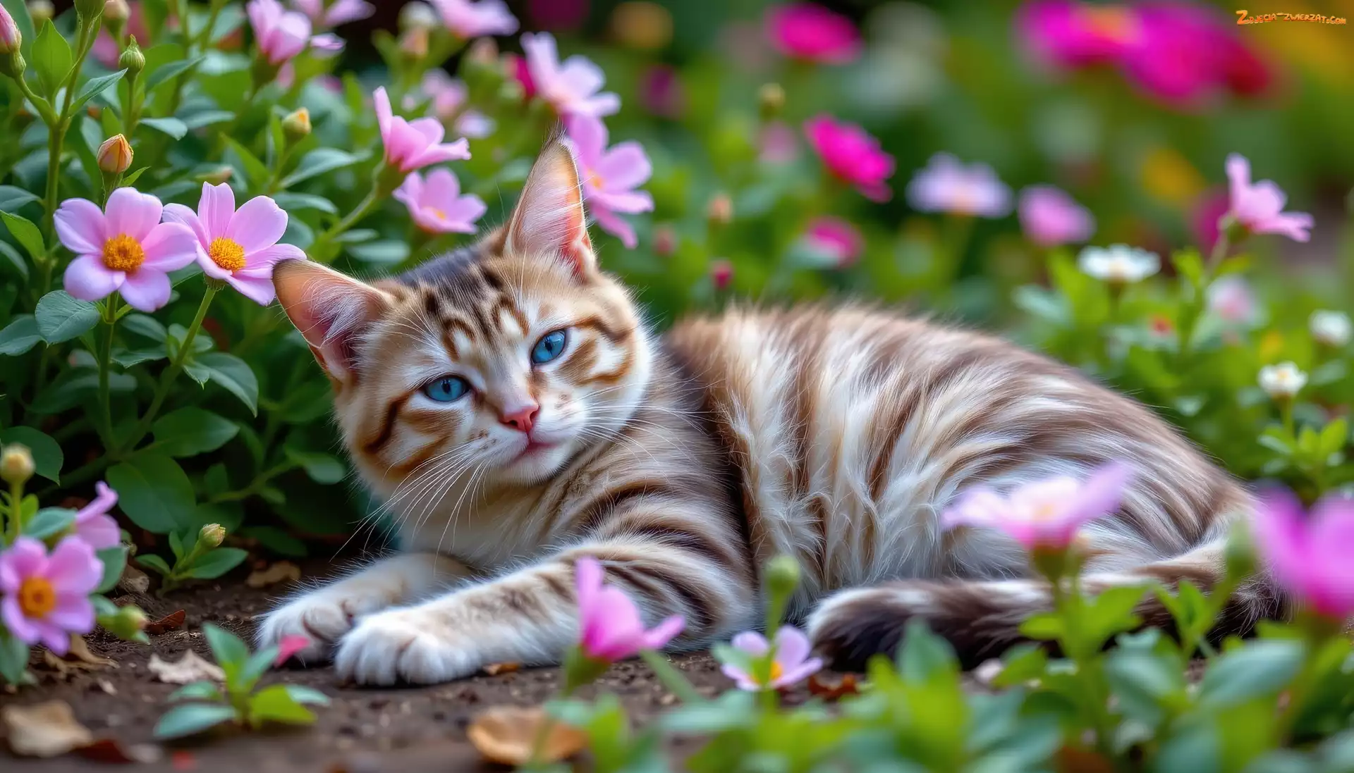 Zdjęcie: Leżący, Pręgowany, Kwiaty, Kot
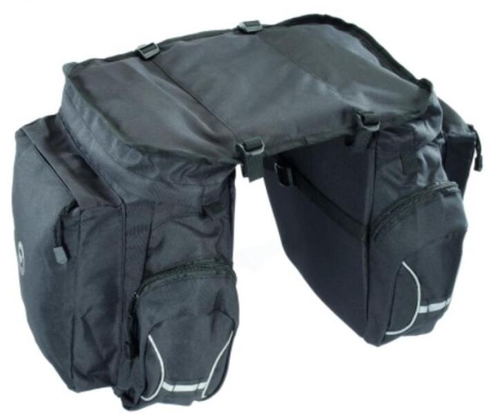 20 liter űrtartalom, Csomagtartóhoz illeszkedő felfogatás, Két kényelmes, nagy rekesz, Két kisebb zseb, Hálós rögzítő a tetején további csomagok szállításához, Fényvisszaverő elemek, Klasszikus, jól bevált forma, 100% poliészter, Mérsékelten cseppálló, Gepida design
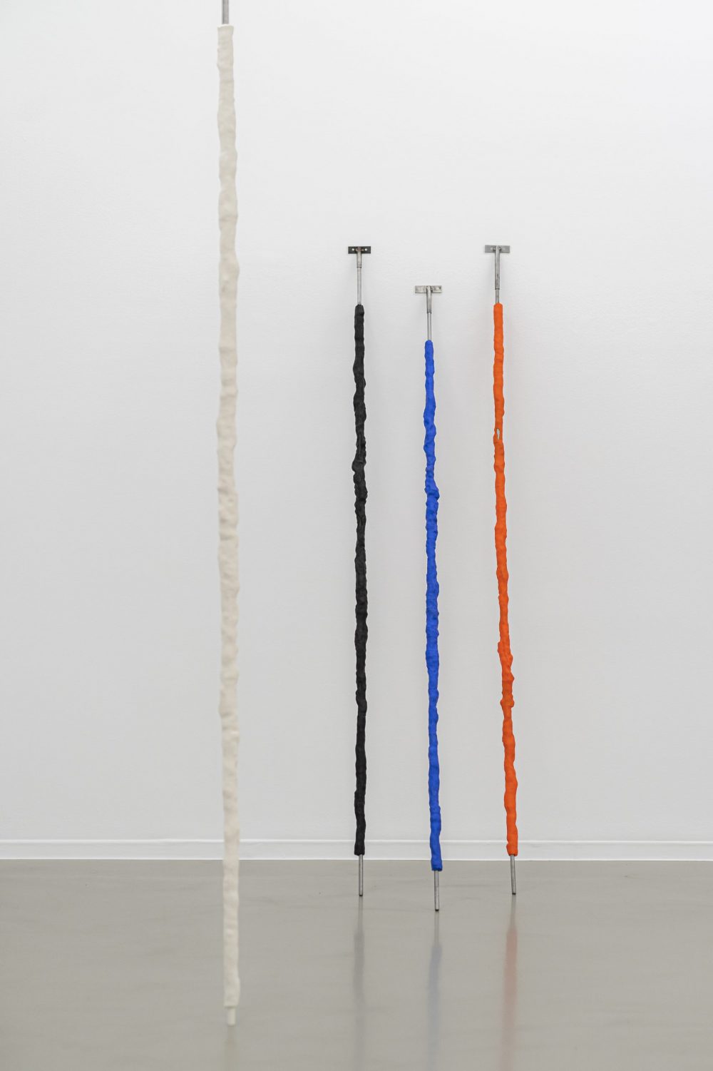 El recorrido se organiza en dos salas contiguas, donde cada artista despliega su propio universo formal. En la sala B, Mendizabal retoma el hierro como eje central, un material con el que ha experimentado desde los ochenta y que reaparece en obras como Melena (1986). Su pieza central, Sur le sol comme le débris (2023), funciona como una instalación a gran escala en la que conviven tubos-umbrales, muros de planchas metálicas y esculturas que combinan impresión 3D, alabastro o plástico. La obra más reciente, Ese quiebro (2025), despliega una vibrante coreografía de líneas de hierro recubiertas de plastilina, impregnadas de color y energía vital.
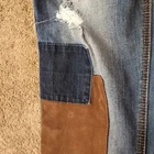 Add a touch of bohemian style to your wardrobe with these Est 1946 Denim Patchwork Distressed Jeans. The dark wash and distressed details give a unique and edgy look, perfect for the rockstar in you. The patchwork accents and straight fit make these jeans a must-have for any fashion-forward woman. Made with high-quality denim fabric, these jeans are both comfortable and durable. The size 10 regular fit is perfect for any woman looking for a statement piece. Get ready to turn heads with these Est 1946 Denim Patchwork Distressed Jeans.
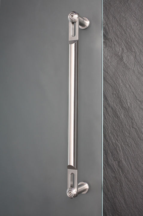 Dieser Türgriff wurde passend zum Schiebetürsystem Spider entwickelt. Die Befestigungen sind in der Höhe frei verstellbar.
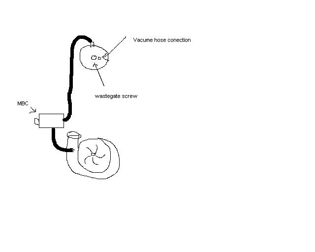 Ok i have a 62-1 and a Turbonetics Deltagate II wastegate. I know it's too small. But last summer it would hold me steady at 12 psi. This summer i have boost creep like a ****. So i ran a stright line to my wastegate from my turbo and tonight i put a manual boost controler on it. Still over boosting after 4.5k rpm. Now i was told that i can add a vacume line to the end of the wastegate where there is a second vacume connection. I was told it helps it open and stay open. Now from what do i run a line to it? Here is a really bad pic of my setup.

====

Both the line containing "Add a touch" and the last line of the records above belong in the exact copy, along with every line between them; pictures do not.

 Add a touch of bohemian style to your wardrobe with these Est 1946 Denim Patchwork Distressed Jeans. The dark wash and distressed details give a unique and edgy look, perfect for the rockstar in you. The patchwork accents and straight fit make these jeans a must-have for any fashion-forward woman. Made with high-quality denim fabric, these jeans are both comfortable and durable. The size 10 regular fit is perfect for any woman looking for a statement piece. Get ready to turn heads with these Est 1946 Denim Patchwork Distressed Jeans.
 Dieser Türgriff wurde passend zum Schiebetürsystem Spider entwickelt. Die Befestigungen sind in der Höhe frei verstellbar.
 Ok i have a 62-1 and a Turbonetics Deltagate II wastegate. I know it's too small. But last summer it would hold me steady at 12 psi. This summer i have boost creep like a ****. So i ran a stright line to my wastegate from my turbo and tonight i put a manual boost controler on it. Still over boosting after 4.5k rpm. Now i was told that i can add a vacume line to the end of the wastegate where there is a second vacume connection. I was told it helps it open and stay open. Now from what do i run a line to it? Here is a really bad pic of my setup.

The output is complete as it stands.